*** Opening of INFORMATION ***

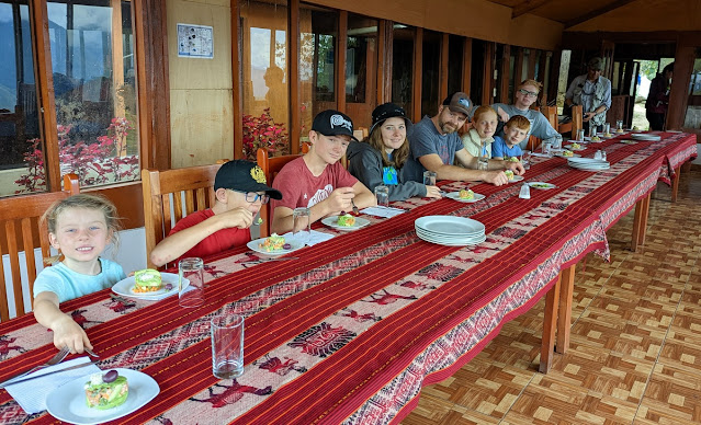Then we got to our lodge and had lunch. Hooray! The table is long so that everyone can sit on the one side and look out the window to the view of Machu Picchu.
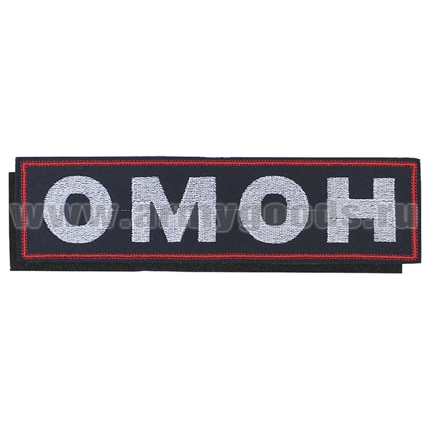 Нашивка на спину вышит. ОМОН (иссиня-черный фон, красный кант, белые буквы) на липучке
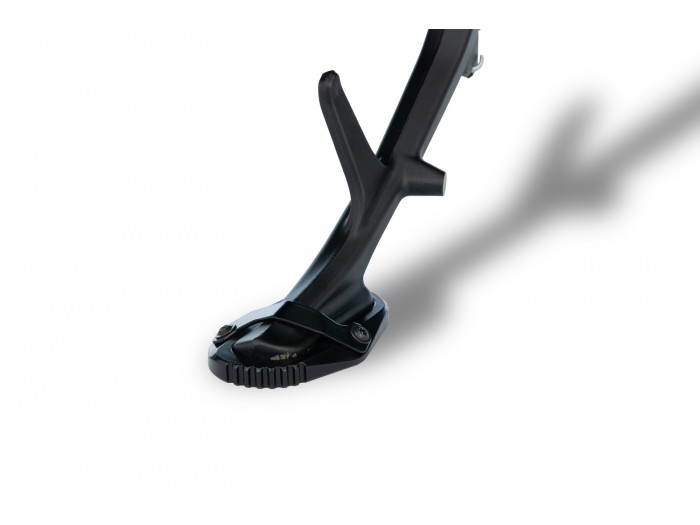 Dwuczęściowy powiększacz stopki bocznej zapewnia stabilne podparcie motocykla na każdej nawierzchni — także na gorącym asfalcie czy miękkim terenie — szczególnie przy pełnym obciążeniu
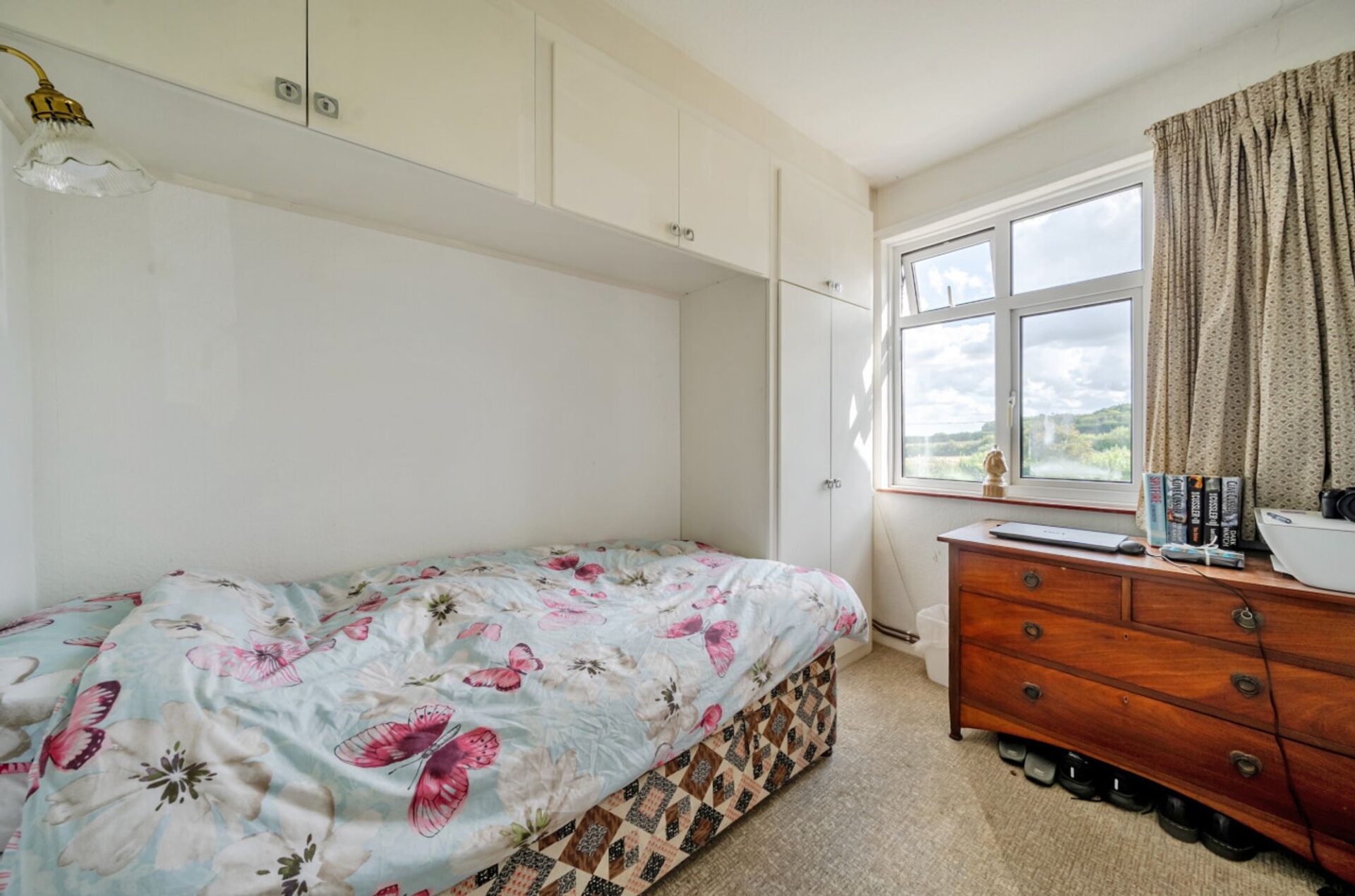 Inside, the accommodation includes a bright sitting room with a fireplace and a large front-facing window to take in the stunning outlook. The kitchen enjoys lovely views over fields to the rear. A central hallway leads to three well-proportioned bedrooms and the family bathroom. In addition, there is a useful lobby/utility area off the kitchen and a store room.
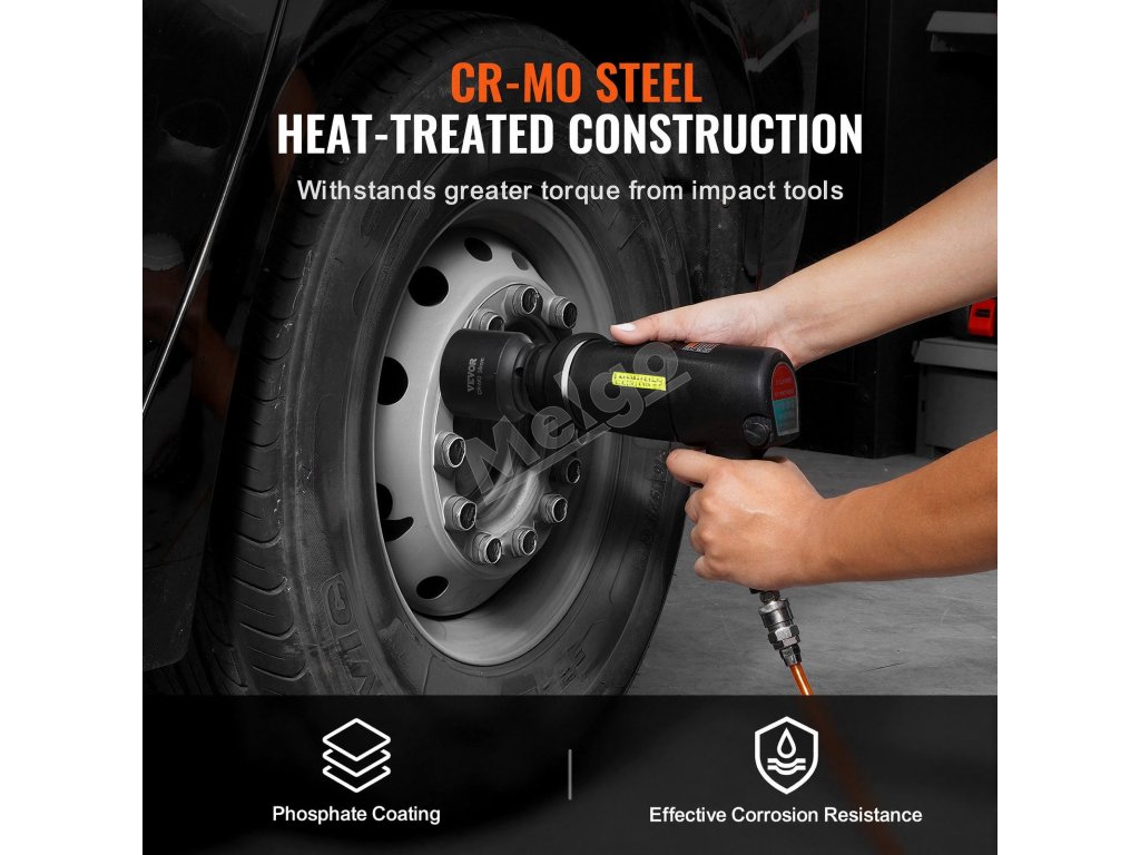 Súprava nástrčných hlavíc na matice náprav je vyrobená z vysokopevnostnej ocele CR-MO odolnej voči korózii a je konštruovaná tak, aby vydržala. Vysokokontrastné označenia veľkostí umožňujú rýchlu identifikáciu, zatiaľ čo 6-bodový dizajn bezpečne uchopí matice, aby sa zabránilo ich skĺznutiu alebo poškodeniu.
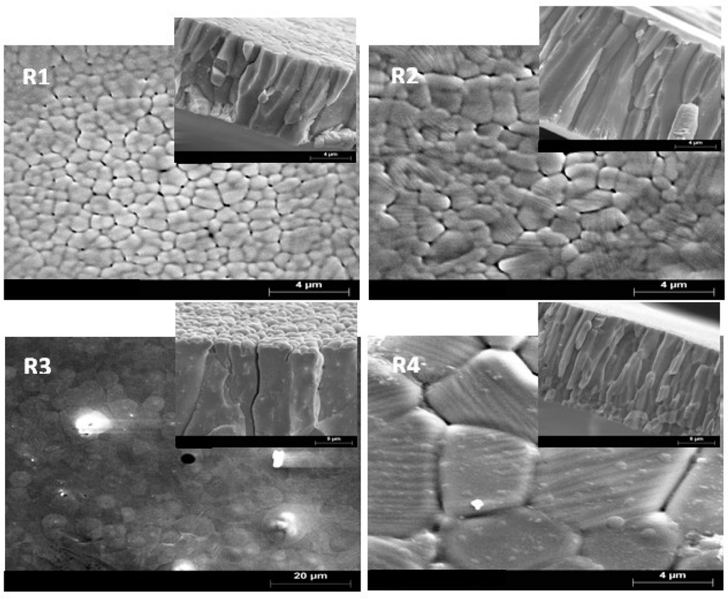 SEM micrographs showed differences in the thickness and grain size, which seem to be influenced by the processing parameters. Figure 1 shows the SEM micrographs of the free surface and fracture morphology (insets) of the various Mn49.3Ni43.7Sn7.0 ribbons: (a) R1, (b) R2, (c) R3 and (d) R4. Table 1 also lists the chemical compositions obtained by EDX measurements. From EDX analysis, the average composition of the four alloys is Mn49.3Ni43.7Sn7.0. The standard deviation obtained for the elemental chemical composition (as determined by EDX) was 0.4–0.6 at% for Ni, 0.4–0.6 at% for Mn, and 0.3–0.5 at% for Sn. One parameter used to characterize magnetic shape memory alloys is the electron-to-atom ratio (e/a) that is calculated using the electron concentration of the outer shells for each element of the Ni-Mn-Sn alloy. The number of electrons per atom (e/a ratio) for Ni, Mn, Sn atoms are 10(3d8, 4s2), 7(3d5, 4s2) and 4(5s2, 5p2). The following expression is used to calculate e/a ratios as described in detail in [14]:

*** Close of INFORMATION ***

* TASK DETAILS: Stop at the line containing "Dwuczęściowy powiększacz stopki" and include it. Everything from the first line of the material up to there is to be repeated exactly, leaving out pictures.

* ANSWER BOX:
Then we got to our lodge and had lunch. Hooray! The table is long so that everyone can sit on the one side and look out the window to the view of Machu Picchu.
 Нашивка на спину вышит. ОМОН (иссиня-черный фон, красный кант, белые буквы) на липучке
 Dwuczęściowy powiększacz stopki bocznej zapewnia stabilne podparcie motocykla na każdej nawierzchni — także na gorącym asfalcie czy miękkim terenie — szczególnie przy pełnym obciążeniu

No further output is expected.